マリコロ編集長:本日お邪魔しているこちらのオフィス、我々が初めて取材させていただいているとのことで光栄です。大きな岩や植物に象徴された自然溢れるコンセプトがステキですね。今回のオフィス移転はアデランス特命プロジェクトとして掲げる 「NEXT ADERANS」の方針の一つでしょうか。

津村社長:はい。アデランスは55周年を迎えましたが、当社は新宿の雑居ビルでスタートして以来、本社が新宿区から出たことはありませんでした。御苑にある自社ビルは狭く様々な部署が5つのビルにバラバラになっていたのを一つにし、本社機能を一つに集約することで業務効率を高めたいと、品川へやってきました。

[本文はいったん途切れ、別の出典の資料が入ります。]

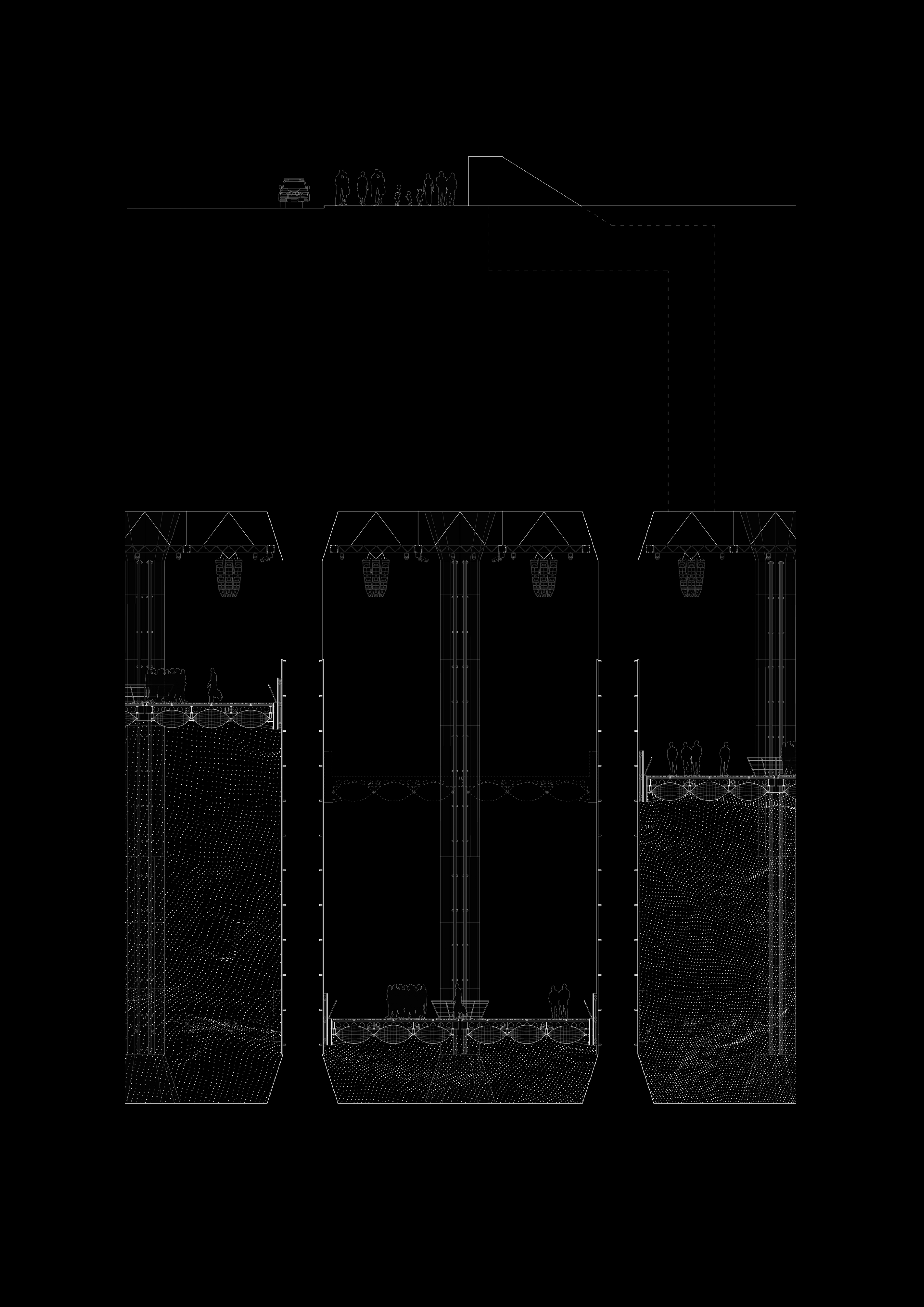 The need for water storage and its capacity is predicted to rise. The mechanism of controlled underground flooding and emptying of reservoirs might soon be a reflection of the weather conditions above. After heavy rainfall, a performance starts on a floating platform at the top of the G-Cans. The sound blares loud, the space is compressed. During the performance the platform and the water level steadily sink, altering the acoustics to that of a cathedral and revealing the sheer scale of both the unimaginably vast space and rainfall amounts.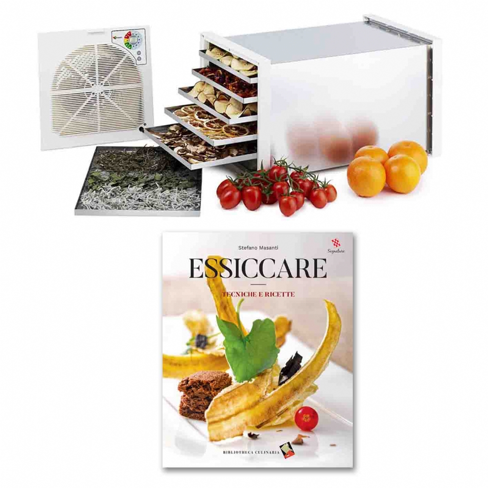 Il Migliore Prezzo per i Libri con Ricette e Tecniche Essiccare fornito con gli Essiccatori in acciaio inox Biosec De Luxe B6 ideale per essiccare Pasta Fresca Frutta Verdura Carne Pesce Funghi Erbe Aromatiche Officinali. Vi diamo la possibilità di acquistare, oltre all'essiccatore anche il Libro Essiccare dove lo chef Stefano Masanti esamina varie tecniche per privare i cibi della loro naturale umidità. Nel ricettario vengono valutati i risultati prodotti da strumenti diversi come: il forno tradizionale, il forno a microonde e l'esiccatore e vi offre una gamma di ricette per dimostrare come ingredienti essiccati possono avere ruoli sorprendenti in piatti d'autore. Grazie a questo libro potrete fin da subito sperimentare ricette sfiziose con l'Essiccatore Biosec De Luxe che si rivolge agli utenti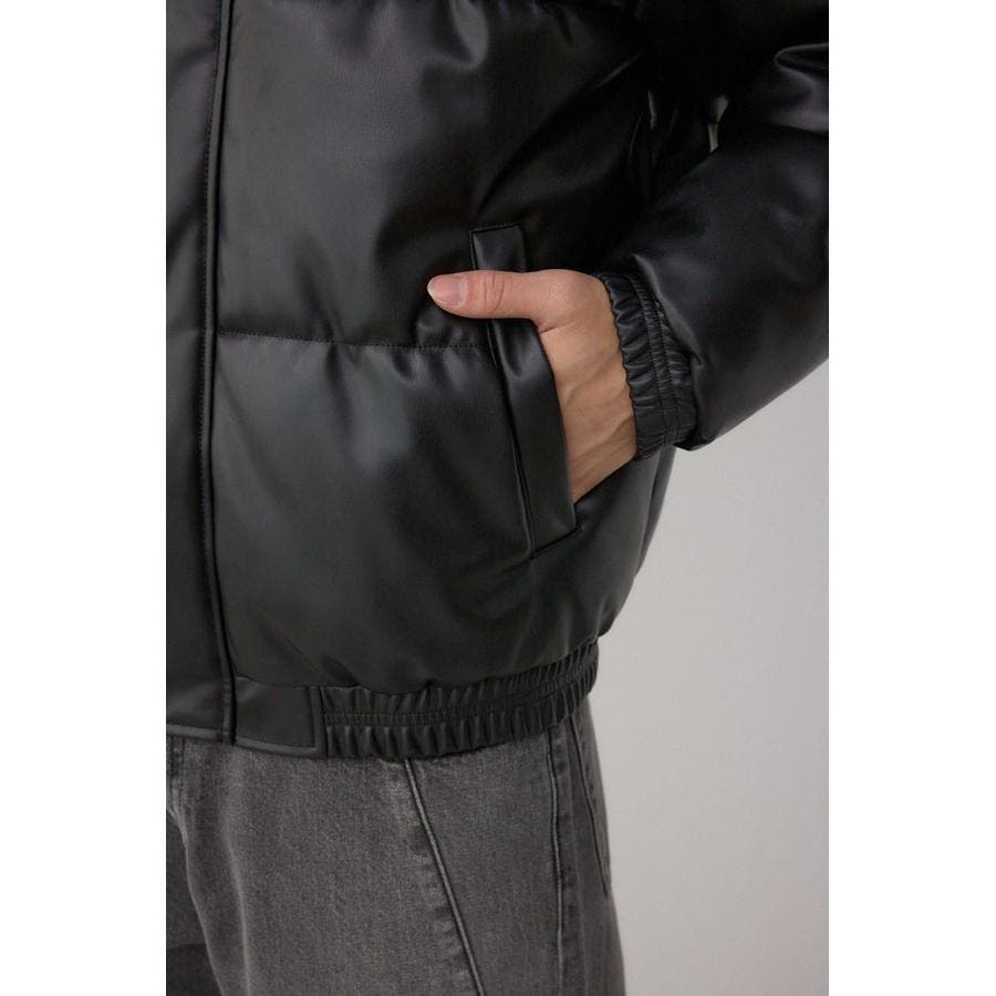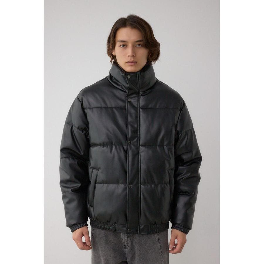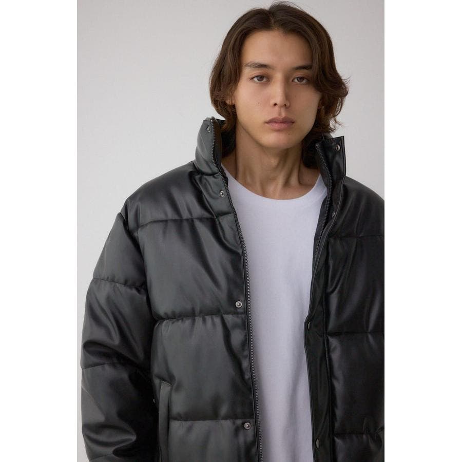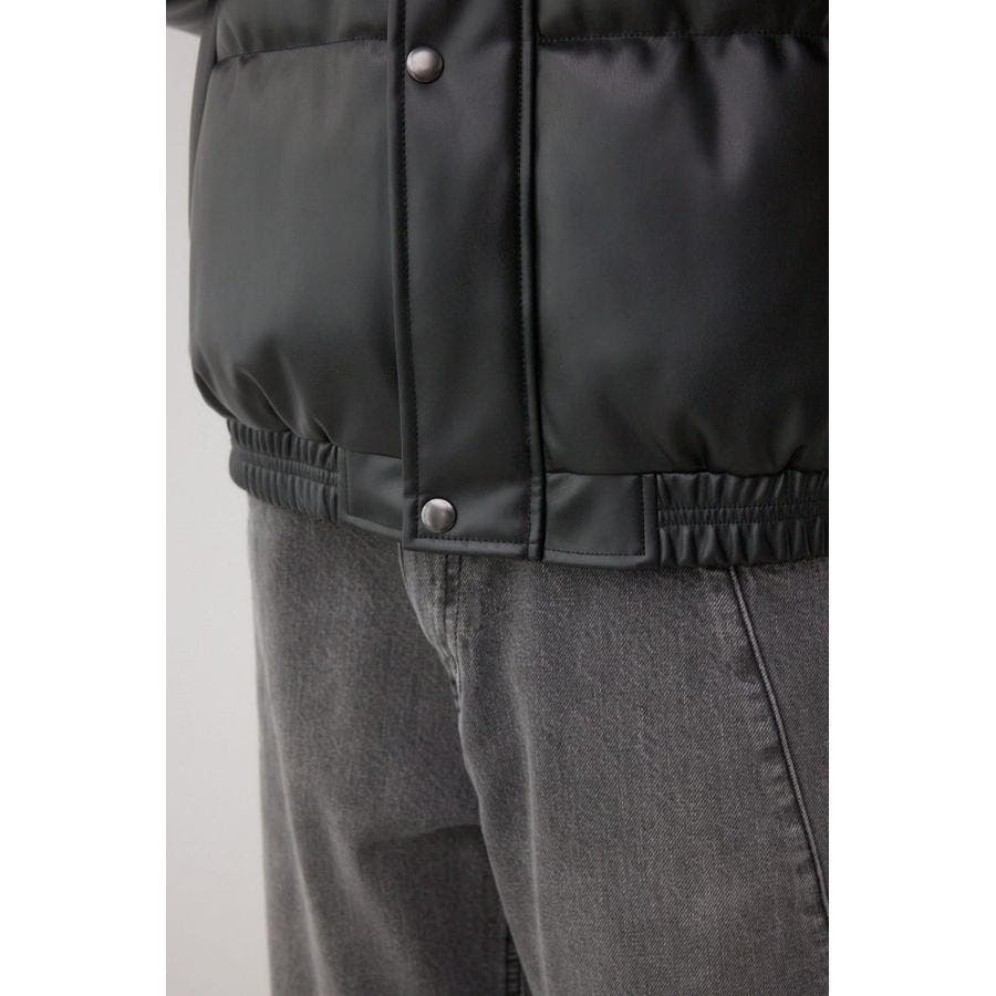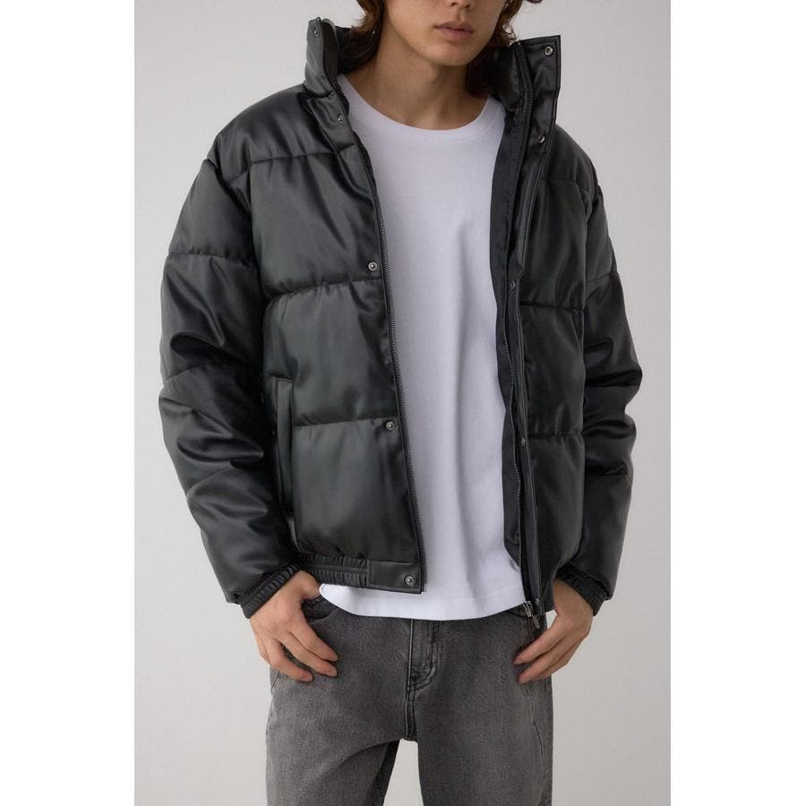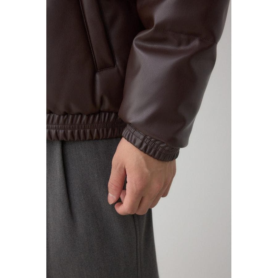 シンプルなスタンドカラーに、ありそうでないPUレザー素材を使用した中綿ブルゾン。

全世界でビジネスを展開していますので、グローバルヘッドクォーター(国際戦略本部)としてこの場所に集約することにしたのです。元々アデランスはBtoCですが、アデランスサロンが162店舗(2023年6月末時点)程度、35店舗が病院に入っているサロンで、その他の物販のショップを入れても全部で450ほど。人口10万人の郊外型エリアまでカバーしたいのですが、直営店を展開するにはコストがかかるため、フランチャイズ制度を導入しました。成功している企業の方式に学び、本社が費用負担することでオーナーは初期投資不要で開始でき、本社としては人件費が不要となり双方にメリットがあります。直営もフランチャイズも採算は同程度で、私たちの店舗を転貸借するため、暖簾替えのリスクも軽減できます。昨年12月に2店舗でスタートしましたが、今後当社の店舗が無いエリアへの出店を進め、今年中には4店舗まで増やす予定です。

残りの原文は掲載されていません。